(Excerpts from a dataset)
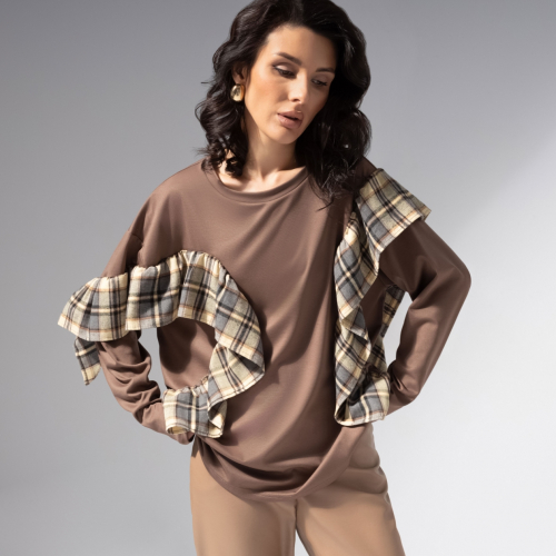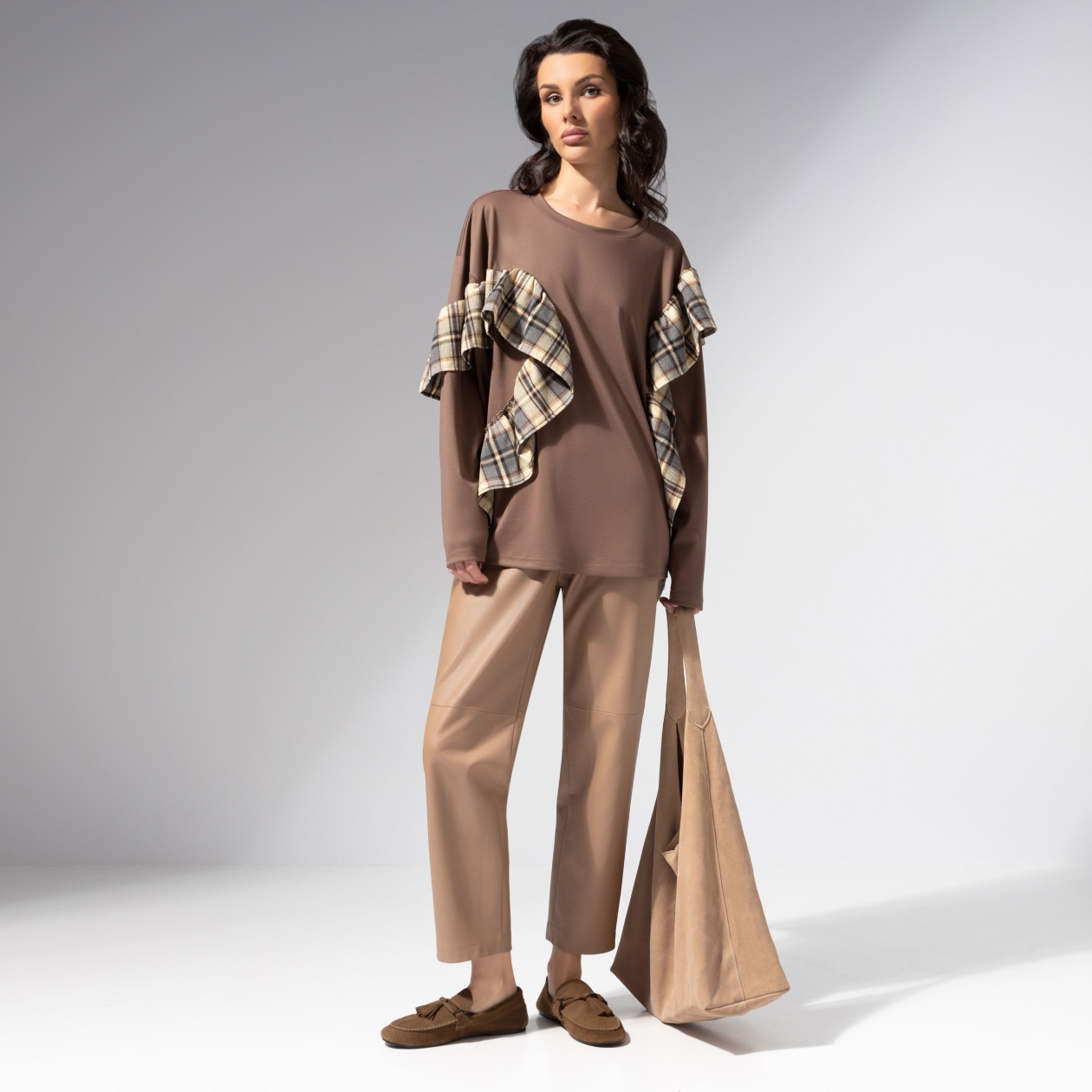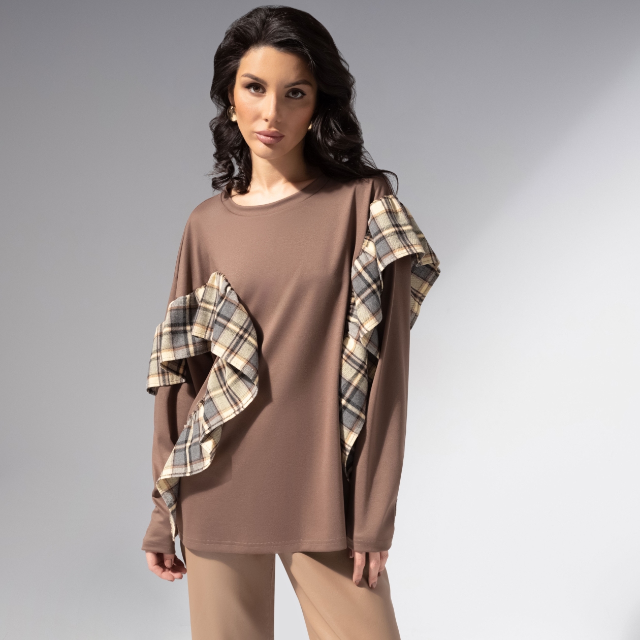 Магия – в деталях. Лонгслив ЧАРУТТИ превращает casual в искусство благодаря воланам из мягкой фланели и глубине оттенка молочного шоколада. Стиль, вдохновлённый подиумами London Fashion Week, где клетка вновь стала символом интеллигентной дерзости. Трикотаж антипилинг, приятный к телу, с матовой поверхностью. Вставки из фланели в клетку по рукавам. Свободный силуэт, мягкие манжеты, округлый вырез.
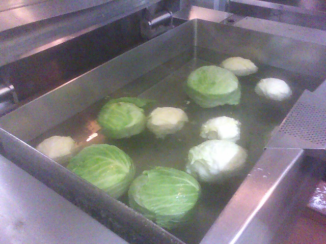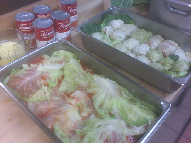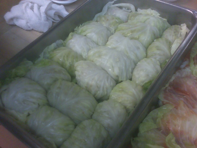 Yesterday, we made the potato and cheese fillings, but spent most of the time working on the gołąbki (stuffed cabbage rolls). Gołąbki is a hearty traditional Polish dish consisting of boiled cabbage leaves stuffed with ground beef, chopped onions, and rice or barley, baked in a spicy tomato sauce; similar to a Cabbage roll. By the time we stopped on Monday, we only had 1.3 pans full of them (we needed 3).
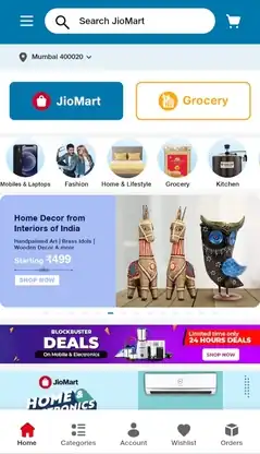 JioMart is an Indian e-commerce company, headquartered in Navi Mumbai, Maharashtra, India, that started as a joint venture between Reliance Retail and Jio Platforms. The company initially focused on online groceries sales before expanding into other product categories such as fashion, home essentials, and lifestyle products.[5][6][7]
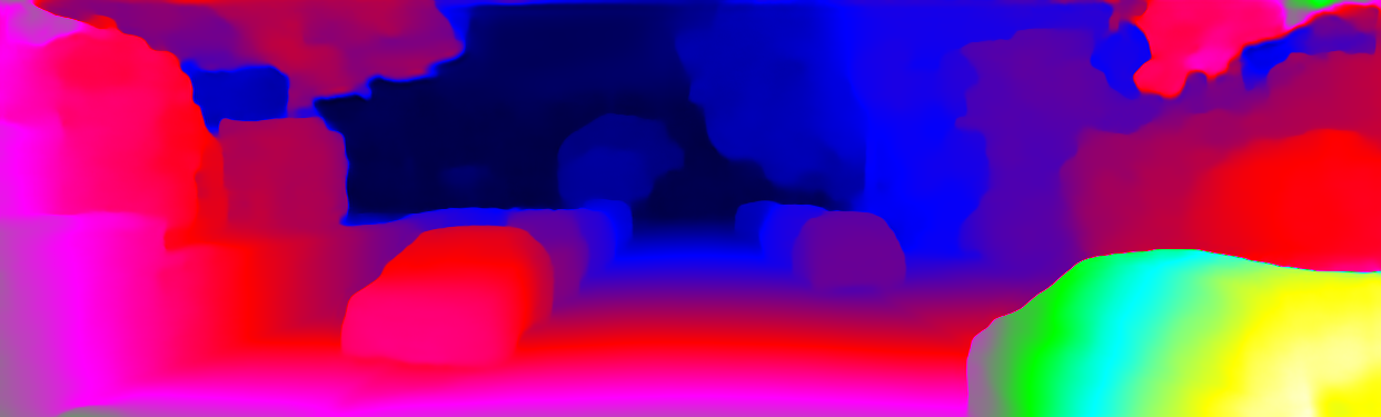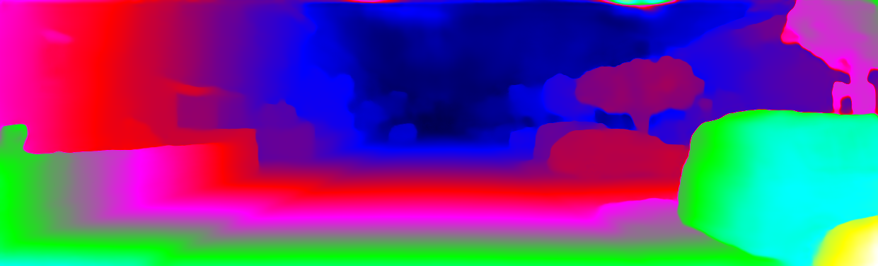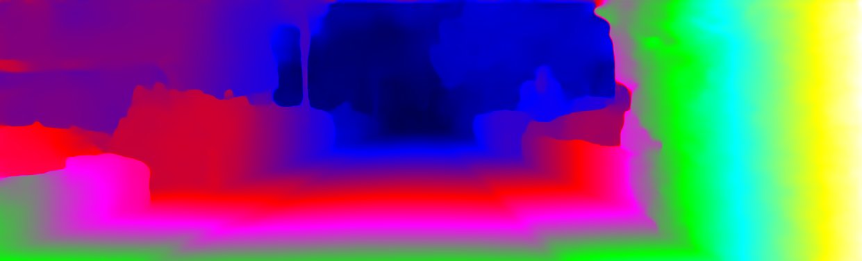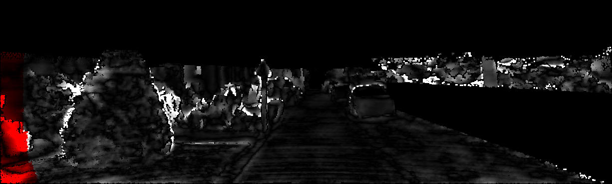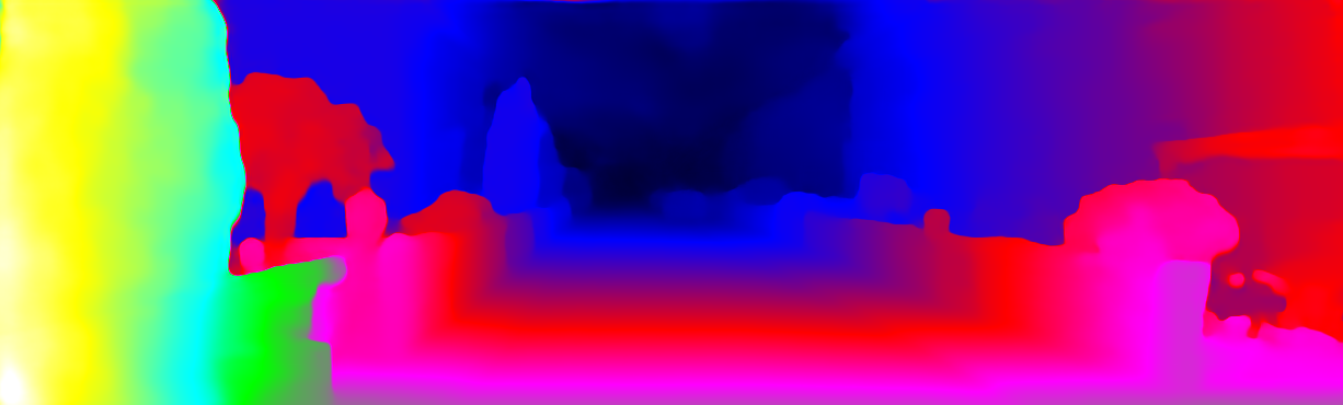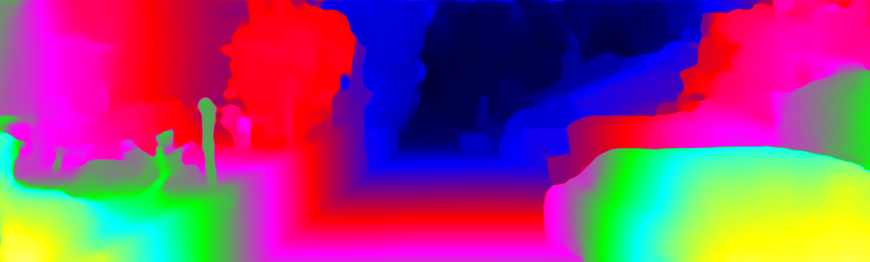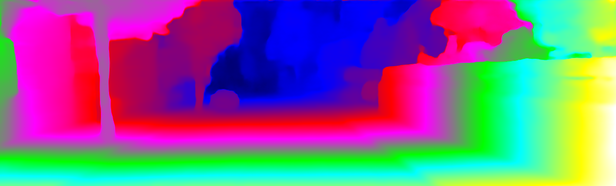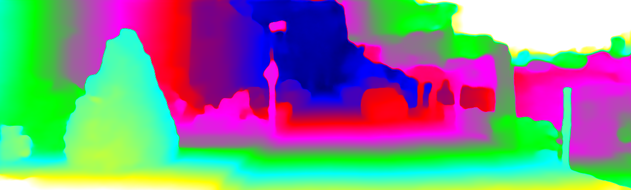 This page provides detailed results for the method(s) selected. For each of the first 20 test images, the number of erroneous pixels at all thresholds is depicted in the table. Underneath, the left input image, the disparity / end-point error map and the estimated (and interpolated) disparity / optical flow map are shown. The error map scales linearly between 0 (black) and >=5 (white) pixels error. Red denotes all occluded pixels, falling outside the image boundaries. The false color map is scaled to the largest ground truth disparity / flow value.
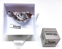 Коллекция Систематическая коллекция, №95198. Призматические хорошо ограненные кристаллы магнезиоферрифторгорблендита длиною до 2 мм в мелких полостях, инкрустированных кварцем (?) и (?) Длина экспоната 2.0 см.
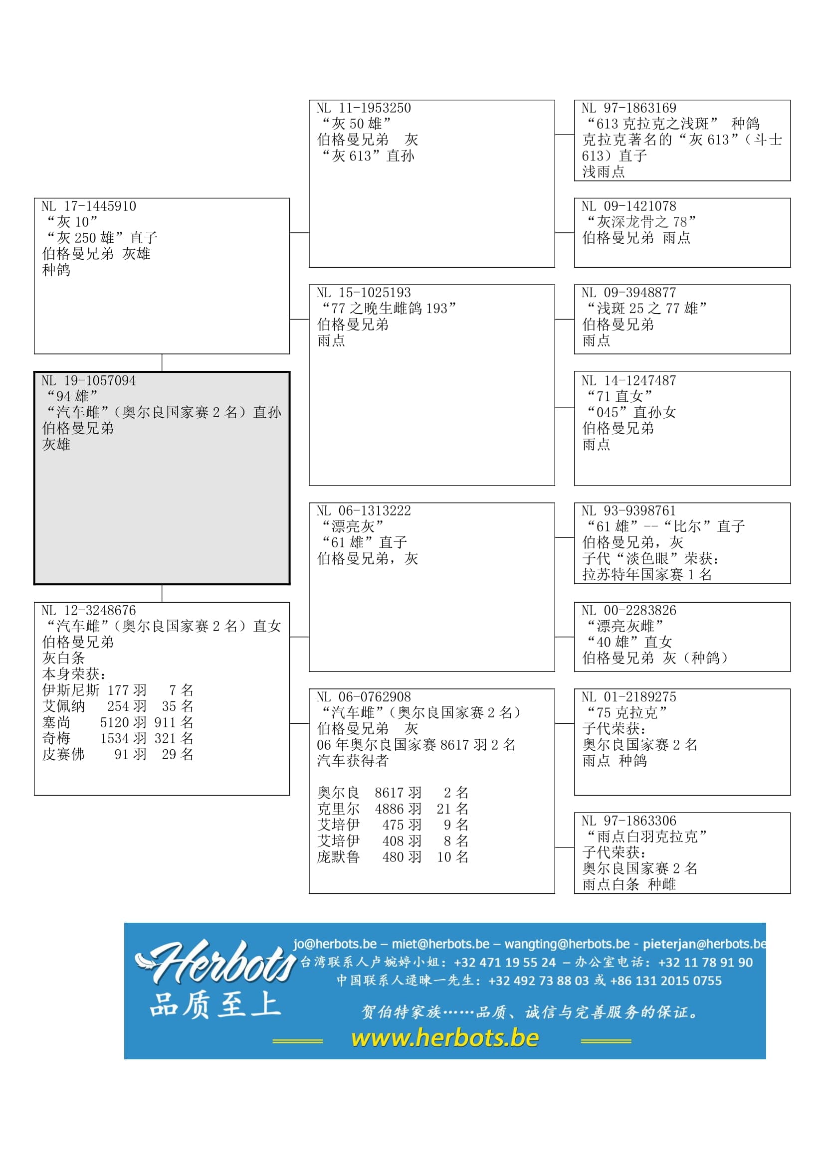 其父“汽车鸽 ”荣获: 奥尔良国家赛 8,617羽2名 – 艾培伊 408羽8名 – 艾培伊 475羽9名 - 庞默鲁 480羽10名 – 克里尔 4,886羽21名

Problem:
Repeat exactly, and only, the entries from the line with "This page provides" through the line with "Коллекция Систематическая коллекция, №95198.". Pictures are skipped.

Result of this exercise:
 This page provides detailed results for the method(s) selected. For each of the first 20 test images, the number of erroneous pixels at all thresholds is depicted in the table. Underneath, the left input image, the disparity / end-point error map and the estimated (and interpolated) disparity / optical flow map are shown. The error map scales linearly between 0 (black) and >=5 (white) pixels error. Red denotes all occluded pixels, falling outside the image boundaries. The false color map is scaled to the largest ground truth disparity / flow value.
 Коллекция Систематическая коллекция, №95198. Призматические хорошо ограненные кристаллы магнезиоферрифторгорблендита длиною до 2 мм в мелких полостях, инкрустированных кварцем (?) и (?) Длина экспоната 2.0 см.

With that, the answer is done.